Suinocultura europeia enfrenta perdas na Alemanha e possíveis mudanças na produção dinamarquesa. Crédito: Reprodução.

Dinamarca prepara novas regras

Para atender a objetivos climáticos e de bem-estar animal, o novo governo dinamarquês propõe uma taxa sobre emissões da pecuária a partir de 2030, aumento da idade mínima de desmame de três para quatro semanas, fim gradual do corte rotineiro de caudas e restrições adicionais ao uso de antibióticos. Também há planos de reduzir o confinamento permanente de matrizes e direcionar mais animais ao processamento interno.

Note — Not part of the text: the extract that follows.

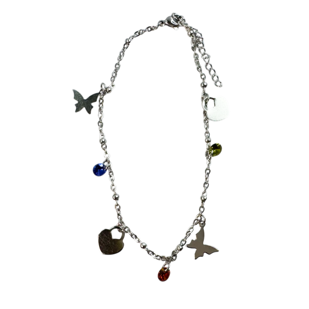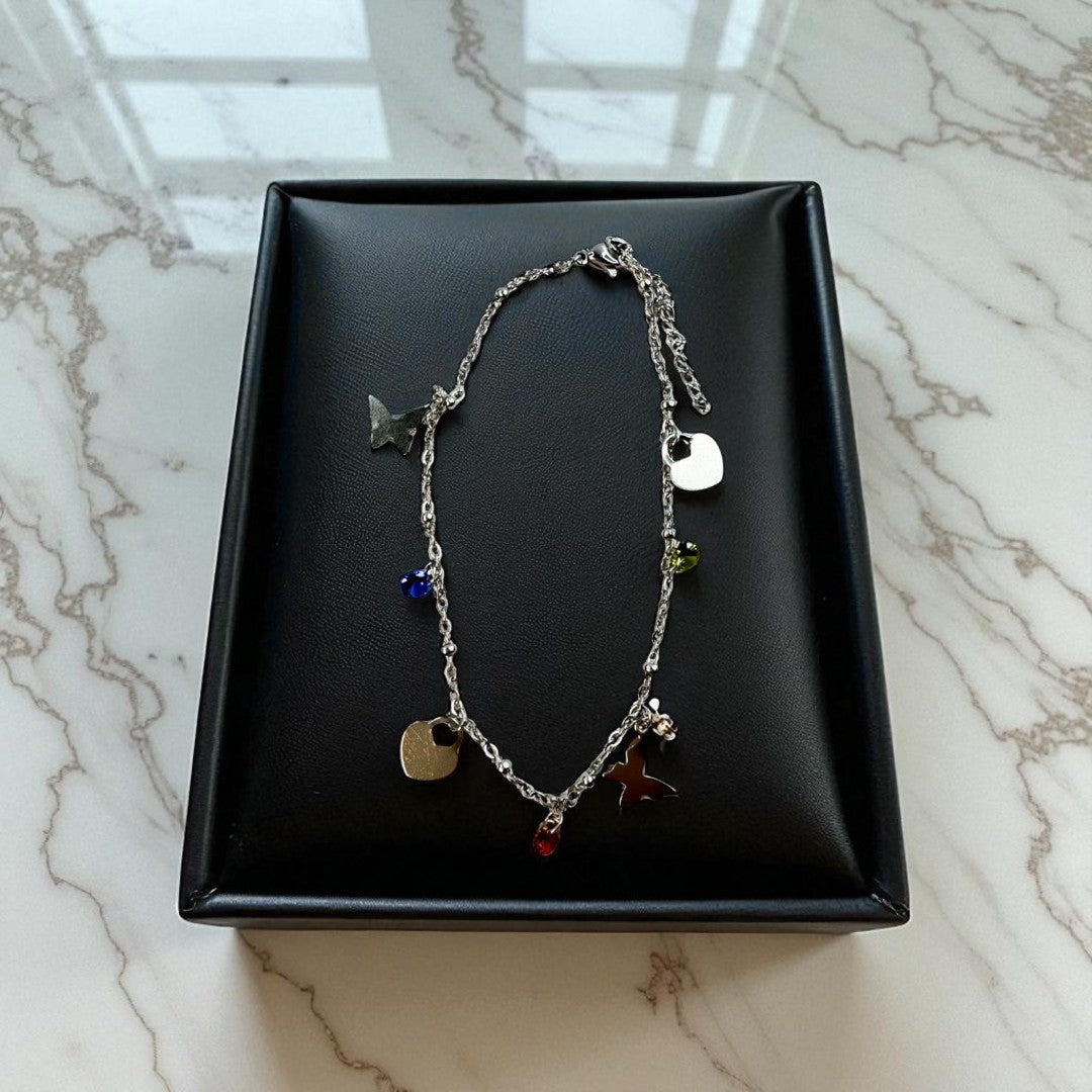 A Tornozeleira Elenya celebra o encanto dos pequenos detalhes. Com pingentes delicados em forma de estrela, coração, borboleta e contas coloridas, esta peça transmite leveza, imaginação e liberdade num só olhar. A corrente prateada fina acrescenta elegância ao estilo descontraído da composição, tornando-a ideal para mulheres que gostam de expressar a sua essência com autenticidade e doçura.

O país mantinha 12,3 milhões de suínos em 2025, o terceiro maior plantel europeu, segundo dados do Eurostat citados pela AHDB. Aproximadamente 85% da produção dinamarquesa é exportada, e o país responde por cerca de 21% das importações britânicas de carne suína.

Uma eventual redução da produção pode diminuir a oferta e reorganizar fluxos comerciais na Europa, com impacto maior no Reino Unido. O movimento também pode abrir espaço para produtores britânicos, caso indústrias e varejistas busquem fornecedores alternativos.

As mudanças dinamarquesas, porém, ainda dependem de consultas e implementação. Enquanto a Alemanha enfrenta uma crise imediata de rentabilidade, a Dinamarca discute alterações estruturais que podem elevar custos e modificar a cadeia suína europeia.